'''

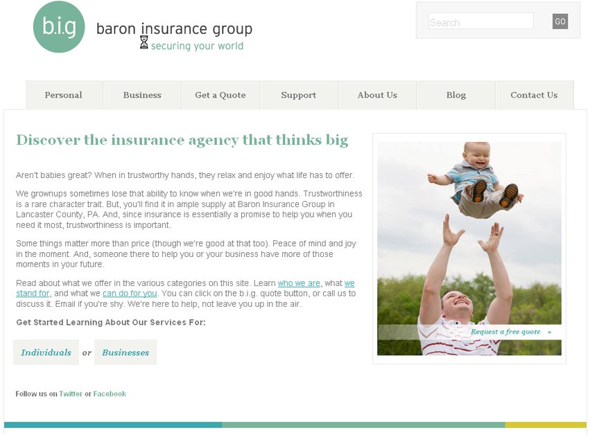 Home page for complete site redo, copywriting, and search engine optimization campaign for an independent insurance agency.
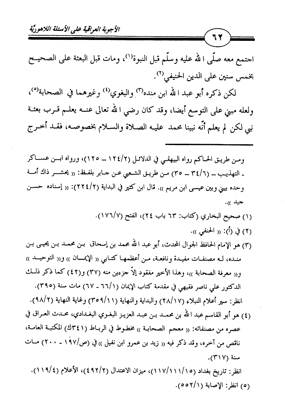 المراد منه ولا تخفى متانته. وفي فتوحات الشيخ الأكبر ـ قدس سره ـ ما يوافق ذلك فإنه قال: إن تقديم الخلفاء بعضهم على بعض لا يقتضى الجزم بالتفضيل بل ذلك راجع إلى الله تعالى ولم يعلم به فالله سبحانه يحفظنا من الفضول. وفي كلام الشيخ السهروردي في عقيدته ما يوافقه أيضا. ونقل عن الباقلاني أيضا أن مسألة التفضيل على الترتيب المشهور ظنية، وفي ذلك مخالفة لما عليه الإمام الأشعري حيث ذهب إلى أنها قطعية، قيل: وعليه فضل علي كرم الله وجهه على سائر الصحابة مبتدع قطعا وعلى القول الآخر فيه لا قطع بابتداعه، والمشهور عند الجماعة إطلاق القول بابتداعه وأن من فضّله كرم الله وجهه بالمحبة مبتدع أيضا ما لم يكن من ذريته، وهو خلاف الإنصاف كما لا يخفى على منصف. ومن الناس من لم ير تفضيله على الكل ابتداعا لما ثبت من جلة من أئمة الحديث أنه ما ورد في صحابي ما ورد في علي كرم الله وجهه من الأخبار النبوية والمدائح المصطفوية مع ما تواتر عنه من الشجاعة والعلم والإيثار وملازمة النبي - صلى الله عليه وسلم - صغيرا وكبيرا وغير ذلك، وكون غيره أشجع منه وأعلم وأكثر ملازمة له - صلى الله عليه وسلم - في حيز المنع وجعل الابتداع عدم توفية الباقين حقهم من التفضيل، بل قد يجر ذلك إلى الكفر والعياذ بالله تعالى وأطال الكلام في ذلك وفيه نظر. ونقل عن آخرين أنه كرم الله وجهه
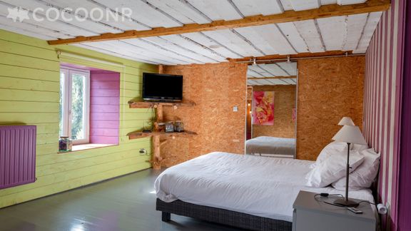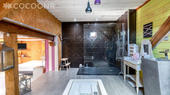 - Une pièce de vie de 100 m² avec TV, banquettes, coin repas et cheminée.
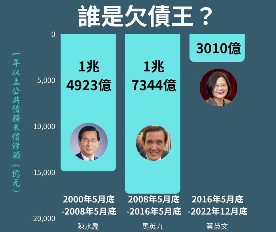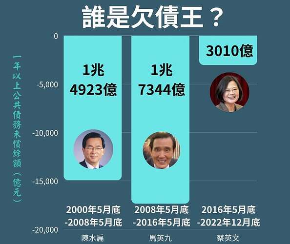 | 蔡英文 (2016.05-2022.12) | 3,010億 |
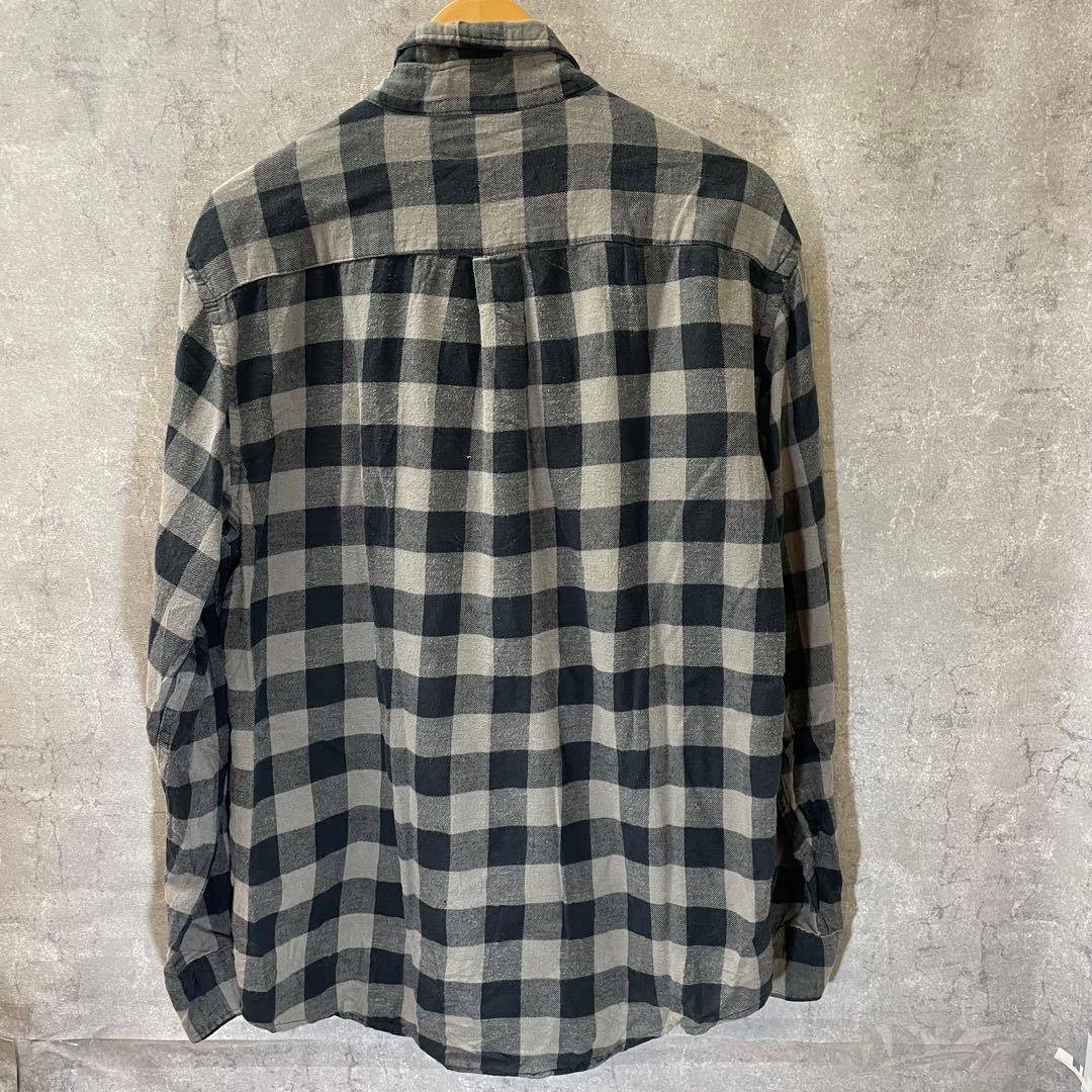 Croft&Barrow グレー/ブラックチェック 長袖ネルシャツ L
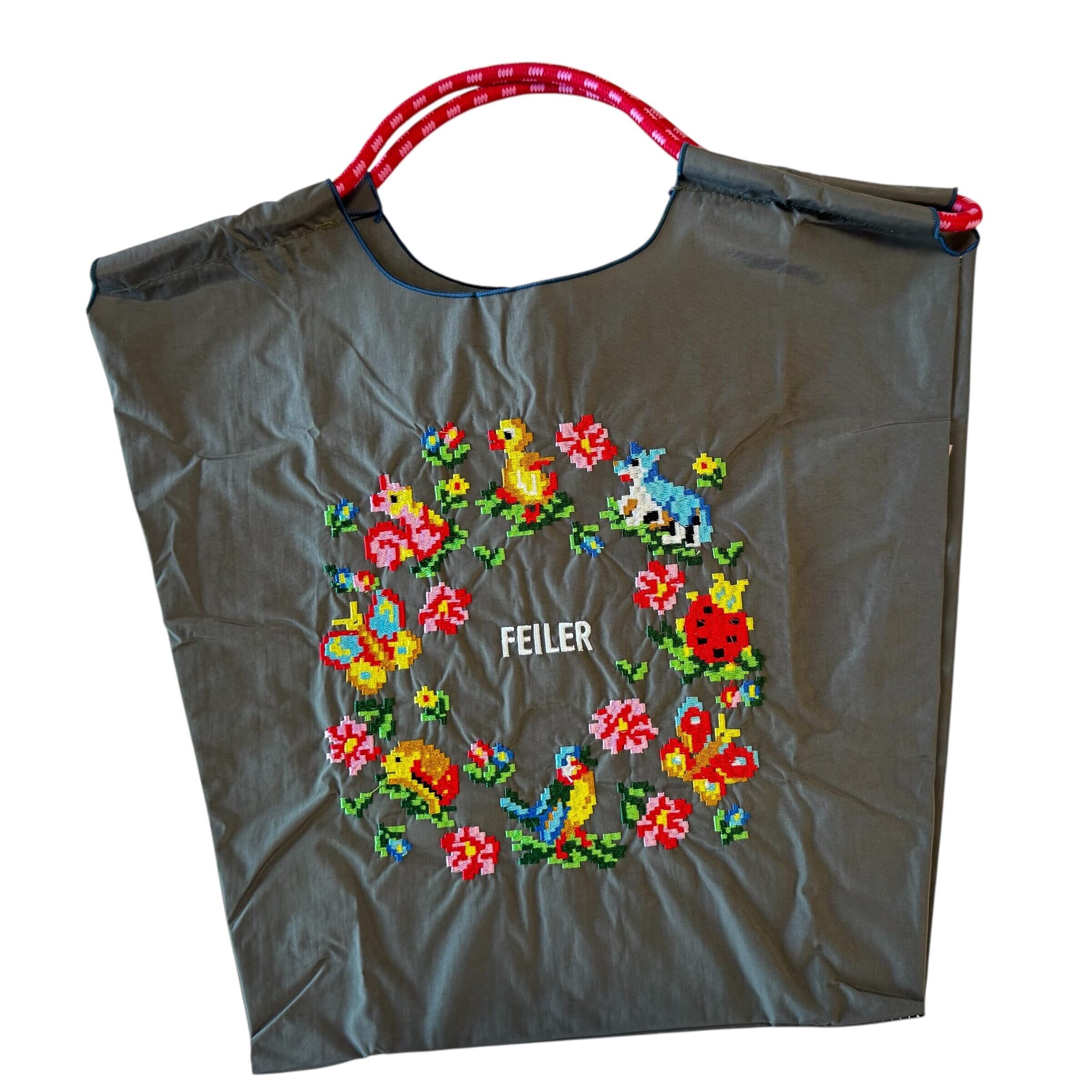 小さなアニマルズの刺しゅうがとても楽しそうな…おしゃれかわいいナイロンバッグです。
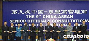“第九次中國(guó)—東盟高官磋商”十八日在福建武夷山舉行。圖為會(huì)前中國(guó)外交部副部長(zhǎng)王毅與東盟十國(guó)高官及東盟秘書(shū)長(zhǎng)牽手合影。作者:吳世宏
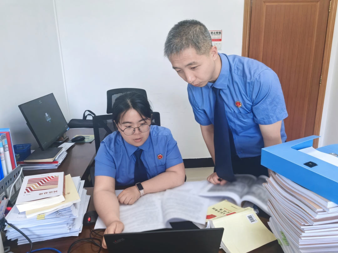 延庆区检察院运用大数据法律监督模型开展涉民事终结本次执行程序专项监督。图为5月15日,检察官助理查阅案卷、分析比对监督案件线索、梳理相关法律规定等。
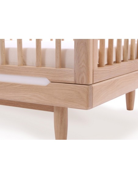 Pure Serisine ait bu zarif karyola, masif Amerikan Meşe Ağacı’ndan üretilmiştir ve çocuğunuzun gelişimine stil ve sadelik katar. Evolutive Dönüşüm Kiti sayesinde, karyolayı bir Junior yatağa çevirerek, mobilyanıza ikinci bir hayat sunar…
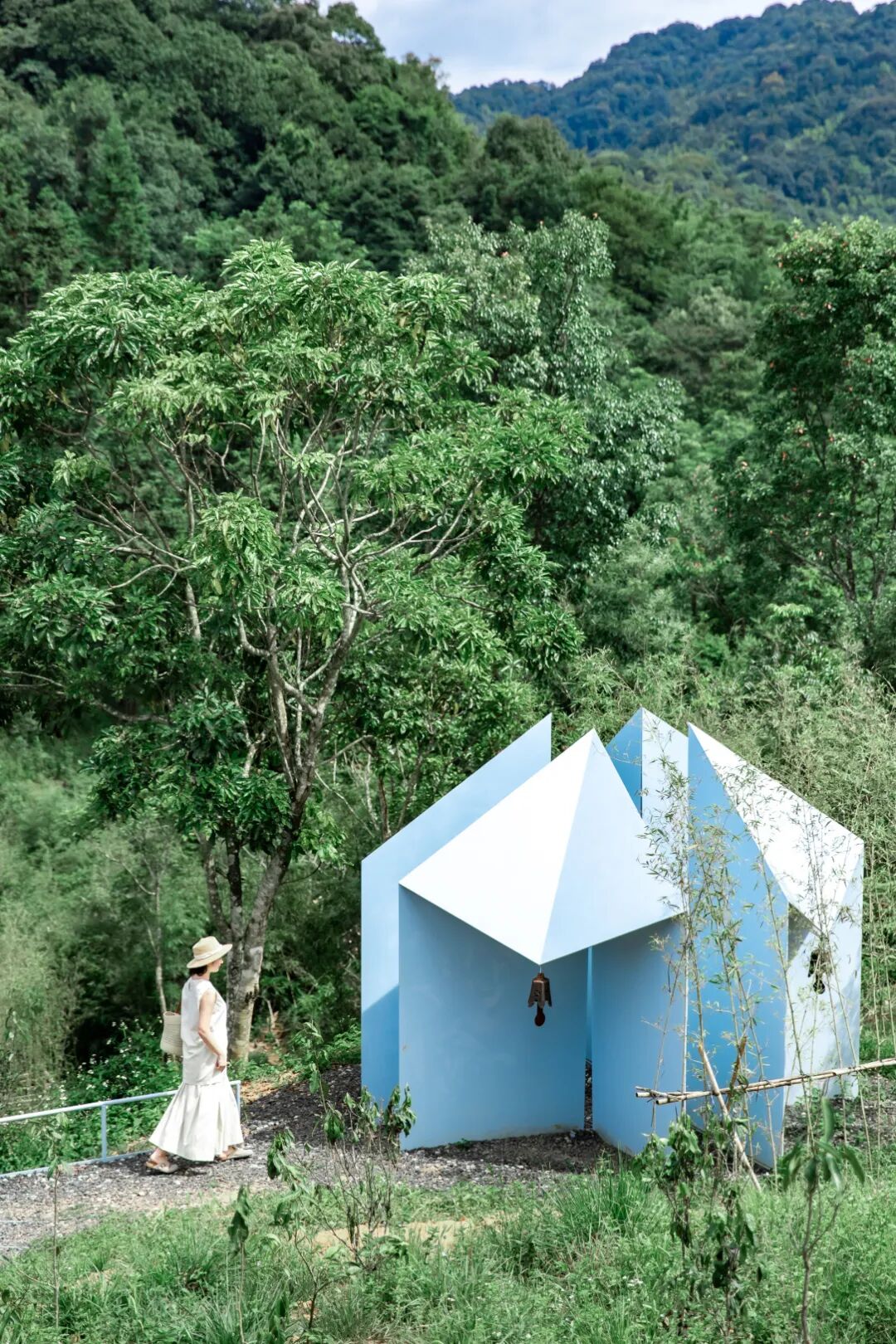 “茶饮小屋与溪中步石,尽享山野惬意”
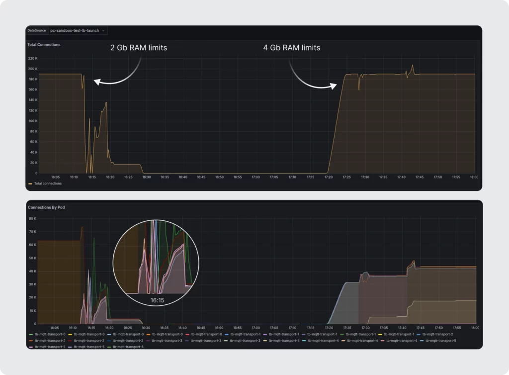- Memory constraints in MQTT transport services — resolved by increasing memory allocations to support higher connection density.

'''

- **What you will do**
Nothing but an exact repeat of the records, pictures excluded, belongs in the answer.

- **Completed task**
 Home page for complete site redo, copywriting, and search engine optimization campaign for an independent insurance agency.
 المراد منه ولا تخفى متانته. وفي فتوحات الشيخ الأكبر ـ قدس سره ـ ما يوافق ذلك فإنه قال: إن تقديم الخلفاء بعضهم على بعض لا يقتضى الجزم بالتفضيل بل ذلك راجع إلى الله تعالى ولم يعلم به فالله سبحانه يحفظنا من الفضول. وفي كلام الشيخ السهروردي في عقيدته ما يوافقه أيضا. ونقل عن الباقلاني أيضا أن مسألة التفضيل على الترتيب المشهور ظنية، وفي ذلك مخالفة لما عليه الإمام الأشعري حيث ذهب إلى أنها قطعية، قيل: وعليه فضل علي كرم الله وجهه على سائر الصحابة مبتدع قطعا وعلى القول الآخر فيه لا قطع بابتداعه، والمشهور عند الجماعة إطلاق القول بابتداعه وأن من فضّله كرم الله وجهه بالمحبة مبتدع أيضا ما لم يكن من ذريته، وهو خلاف الإنصاف كما لا يخفى على منصف. ومن الناس من لم ير تفضيله على الكل ابتداعا لما ثبت من جلة من أئمة الحديث أنه ما ورد في صحابي ما ورد في علي كرم الله وجهه من الأخبار النبوية والمدائح المصطفوية مع ما تواتر عنه من الشجاعة والعلم والإيثار وملازمة النبي - صلى الله عليه وسلم - صغيرا وكبيرا وغير ذلك، وكون غيره أشجع منه وأعلم وأكثر ملازمة له - صلى الله عليه وسلم - في حيز المنع وجعل الابتداع عدم توفية الباقين حقهم من التفضيل، بل قد يجر ذلك إلى الكفر والعياذ بالله تعالى وأطال الكلام في ذلك وفيه نظر. ونقل عن آخرين أنه كرم الله وجهه
 - Une pièce de vie de 100 m² avec TV, banquettes, coin repas et cheminée.
 | 蔡英文 (2016.05-2022.12) | 3,010億 |
 Croft&Barrow グレー/ブラックチェック 長袖ネルシャツ L
 小さなアニマルズの刺しゅうがとても楽しそうな…おしゃれかわいいナイロンバッグです。
“第九次中國(guó)—東盟高官磋商”十八日在福建武夷山舉行。圖為會(huì)前中國(guó)外交部副部長(zhǎng)王毅與東盟十國(guó)高官及東盟秘書(shū)長(zhǎng)牽手合影。作者:吳世宏
 延庆区检察院运用大数据法律监督模型开展涉民事终结本次执行程序专项监督。图为5月15日,检察官助理查阅案卷、分析比对监督案件线索、梳理相关法律规定等。
 Pure Serisine ait bu zarif karyola, masif Amerikan Meşe Ağacı’ndan üretilmiştir ve çocuğunuzun gelişimine stil ve sadelik katar. Evolutive Dönüşüm Kiti sayesinde, karyolayı bir Junior yatağa çevirerek, mobilyanıza ikinci bir hayat sunar…
 “茶饮小屋与溪中步石,尽享山野惬意”
- Memory constraints in MQTT transport services — resolved by increasing memory allocations to support higher connection density.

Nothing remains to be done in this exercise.